Alternatively, we can use their numeric Wikidata ids:

```{code-cell}
###
# match statements with subject Q155 (Brazil) and property P30 (continent)
###
next(kb.filter(subject=wd.Q(155), property=wd.P(30)))
```

Sometimes, however, ids are not enough.  We might need to specify an entity
indirectly by giving not its id but a property it satisfies.

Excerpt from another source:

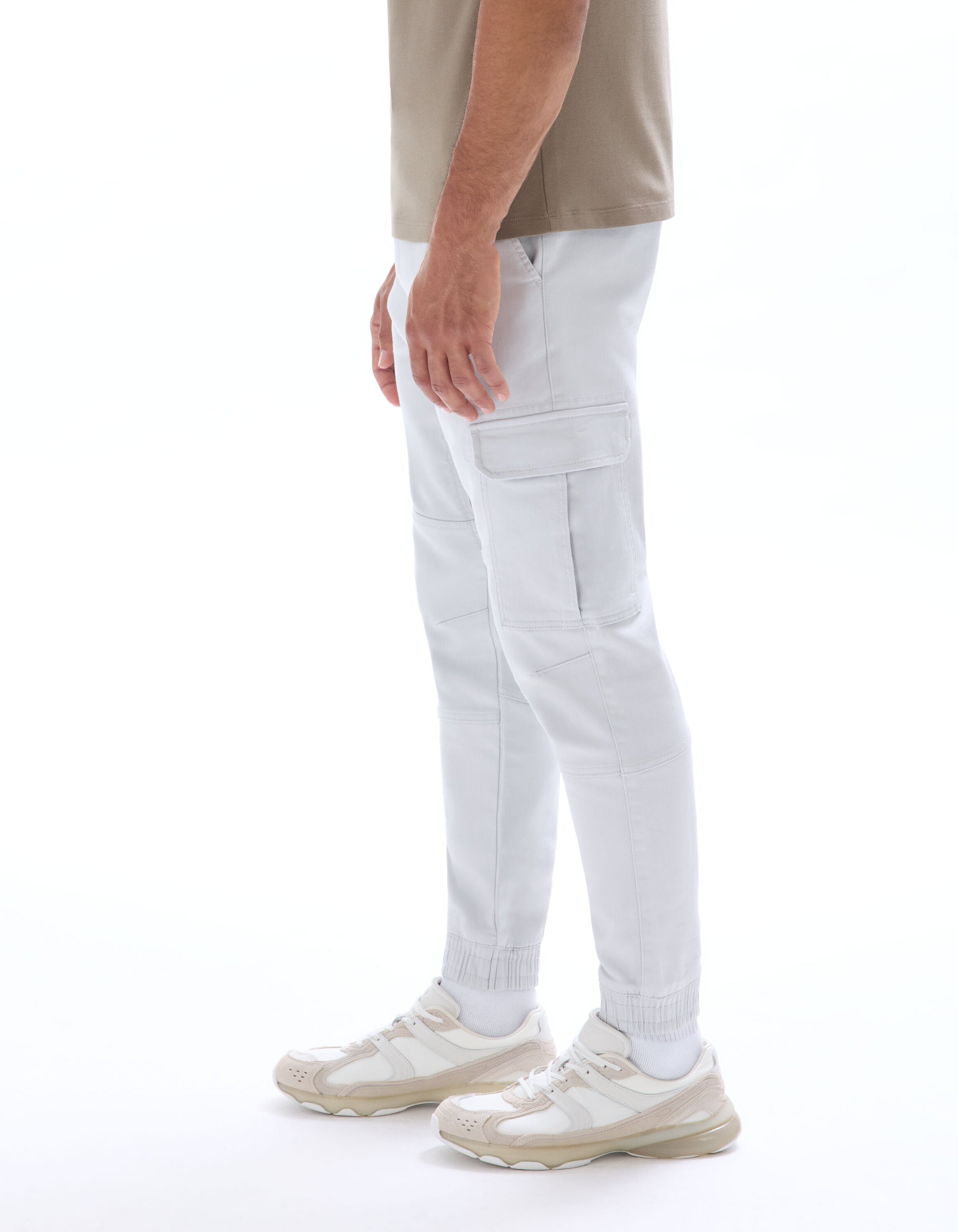 • Fitted cargo pants, practical and comfortable. Tightened hems, well-placed pockets for those who never leave their hands empty.

In cases like this, we can use a *fingerprint*:

```{code-cell}
###
# match statemets whose subject "is a dog" and value "is a human"
###
next(kb.filter(subject=wd.instance_of(wd.dog), value=wd.instance_of(wd.human)))
```

Properties themselves can also be specified using fingerprints:

```{code-cell}
###
# match statements whose property is "equivalent to Schema.org's 'weight'"
###
next(kb.filter(property=wd.equivalent_property('https://schema.org/weight')))
```

The `-` (unary minus) operator can be used to invert the direction of the
property used in the fingerprint:

```{code-cell}
###
# match statements whose subject is "the continent of Brazil"
###
next(kb.filter(subject=-(wd.continent(wd.Brazil))))
```

## And-ing and or-ing fingeprints

Entity ids and fingerpints can be combined using the operators `&` (and) and
`|` (or).

For example:

```{code-cell}
###
# match three statements such that:
# - subject is "Brazil" or "Argentina"
# - property is "continent" or "highest point"
###
it = kb.filter(
        subject=wd.Brazil | wd.Argentina,
        property=wd.continent | wd.highest_point,
        limit=3)
for stmt in it:
    display(stmt)
```

```{code-cell}
###
# match three statements such that:
# - subject "has continent South America" and "official language is Portuguese"
# - value "is a river" or "is a mountain"
###
it = kb.filter(
        subject=wd.continent(wd.South_America) & wd.official_language(wd.Portuguese),
        value=wd.instance_of(wd.river) | wd.instance_of(wd.mountain),
        limit=3)
for stmt in it:
    display(stmt)
```

```{code-cell}
###
# match three statements such that:
# - subject "is a female" and ("was born in NYC" or "was born in Rio")
# - property is "field of work" or "is equivalent to Schema.org's 'hasOccupation'"
###
it = kb.filter(
        subject=wd.sex_or_gender(wd.female)\
        & (wd.place_of_birth(wd.New_York_City) | wd.place_of_birth(wd.Rio_de_Janeiro)),
        property=wd.field_of_work\
        | wd.equivalent_property(IRI('https://schema.org/hasOccupation')),
        limit=3)
for stmt in it:
    display(stmt)
```

## Count and contains

A variant of the filter call is `kb.count(...)` which, instead of
statements, counts the number of statements matching restrictions `...`:

```{code-cell}
kb.count(subject=wd.Brazil, property=wd.population | wd.official_language)
```

The `kb.contains()` call tests whether a given statement occurs in `kb`.

```{code-cell}
stmt1 = wd.official_language(wd.Brazil, wd.Portuguese)
kb.contains(stmt1)
```

```{code-cell}
stmt2 = wd.official_language(wd.Brazil, wd.Spanish)
kb.contains(stmt2)
```

## Final remarks

This concludes the quickstart guide.

There are many other calls in the Store API of KIF.  For more information
see, the [API Reference](<reference/index>).